DESCRIPTION OF THE TASK: What you return should be the lines from the one with "בחרתי לספר על" through the one with "好感度満載 ラウンドネック チェック柄 女性力を高める Tシャツ カットソーGF1378" in the data below, reproduced exactly with both ends, and no pictures at all.
:: EXERCISE INPUTS ::
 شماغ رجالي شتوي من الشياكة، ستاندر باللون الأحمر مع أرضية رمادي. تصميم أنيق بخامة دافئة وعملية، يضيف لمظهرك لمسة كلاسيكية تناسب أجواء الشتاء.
:::
:: EXERCISE INPUTS ::
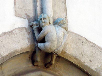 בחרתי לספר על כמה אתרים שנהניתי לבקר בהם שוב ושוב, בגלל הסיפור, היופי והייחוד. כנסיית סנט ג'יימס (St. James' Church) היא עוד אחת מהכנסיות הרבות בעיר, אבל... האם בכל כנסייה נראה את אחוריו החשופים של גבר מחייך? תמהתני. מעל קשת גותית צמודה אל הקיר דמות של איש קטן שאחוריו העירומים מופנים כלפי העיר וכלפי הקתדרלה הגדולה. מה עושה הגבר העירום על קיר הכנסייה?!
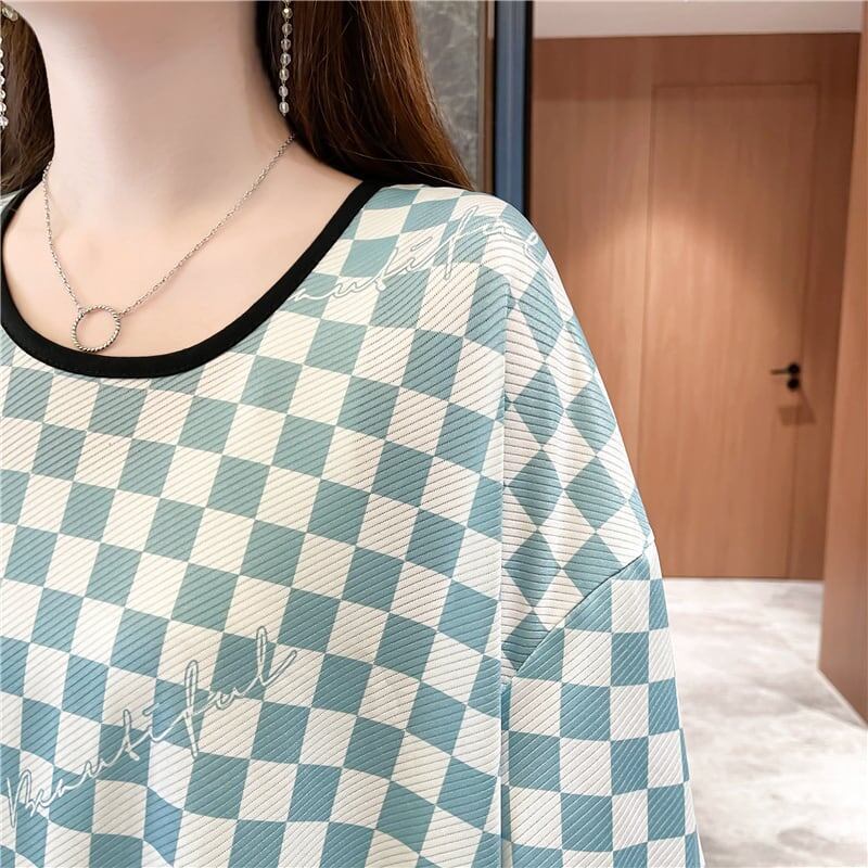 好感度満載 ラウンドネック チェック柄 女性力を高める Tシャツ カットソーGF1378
:::
WRITTEN RESPONSE:
 בחרתי לספר על כמה אתרים שנהניתי לבקר בהם שוב ושוב, בגלל הסיפור, היופי והייחוד. כנסיית סנט ג'יימס (St. James' Church) היא עוד אחת מהכנסיות הרבות בעיר, אבל... האם בכל כנסייה נראה את אחוריו החשופים של גבר מחייך? תמהתני. מעל קשת גותית צמודה אל הקיר דמות של איש קטן שאחוריו העירומים מופנים כלפי העיר וכלפי הקתדרלה הגדולה. מה עושה הגבר העירום על קיר הכנסייה?!
 好感度満載 ラウンドネック チェック柄 女性力を高める Tシャツ カットソーGF1378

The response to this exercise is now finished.